ARBA 1/48 Heinkel Wespe






see review


Allan Wanta


Resin kit




  The Heinkel designers were busy near the end of the Second World War churning out possibilities to help turn the tide of the conflict to their advantage. One such design was a point defense fighter with the ability to take off vertically strike it’s intended airborne target, and then return to earth landing in a vertical posture, a daunting task, even today. This particular design utilized some unknown turbojet engine coupled to a 6 bladed drive ring within a ducted fan structure. It was unlikely this aircraft would have ever made it to the prototype stage as too many other projects promised more hope.


    This was a sight unseen purchase that arrived from Hannants, very quickly I might add, the package resplendent with green US Customs tape. Let me tell you about the kit, since Customs has already had their look at it.

  Same box as every other ARBA kit, whether the massive BV-155 or the smallest conversion, complete with a color picture of the completed model. Our task is to try to get the parts in the box to look something like that photo. Step one; look at the one page instruction sheet, read the short history and the even shorter construction description. Step two, look at the small number of pieces that it takes to make this kit and wonder why you paid that much for this kit. “It’ll only take a weekend” I said to myself, with the normally quality minded folks at ARBA making this kit; “it should be a no-brainer to assemble”. Yeah, right.

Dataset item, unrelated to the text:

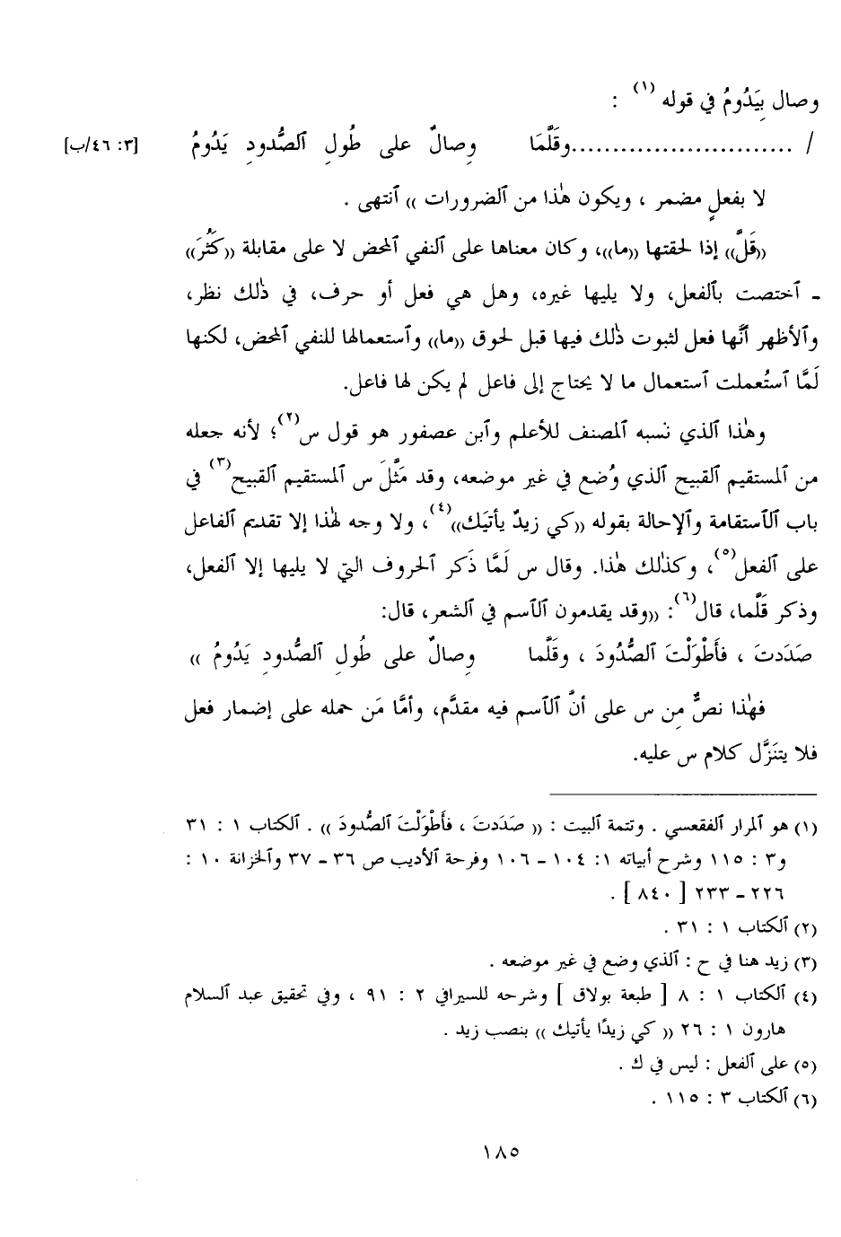 وهذا الذي نسبه المصنف للأعلم وابن عصفور هو قول س؛ لأنه جعله من المستقيم القبيح الذي وضع في غير موضعه, وقد مثل س المستقيم القبيح في باب الاستقامة والإحالة بقوله ((كي زيد يأتيك)) , ولا وجه لهذا إلا تقديم الفاعل على الفعل, وكذلك هذا. وقال س لما ذكر الحروف التي لا يليها إلا الفعل, وذكر قلما, قال: ((وقد يقدمون الاسم في الشعر قال:

  For the most part, the above statement is correct, ARBA has had a great deal of experience making these one-off designs of rare aircraft, and have done a good deal of success. It was a bit disappointing to see some quality issues with this new kit. Mold shift is evident on most of the parts; at least I thought it was mold shifting. What was a problem assembling the lower fuselage to the middle section was actually not a problem at all. The two pieces are ’keyed’ to fit together so the fins line up properly. I in turn sanded them down and realized my error, having to insert a thin disk of plastic to compensate. Not a big boo boo, but considering the mold lines and misalignment scars on the other parts, I wasn’t taking any chances.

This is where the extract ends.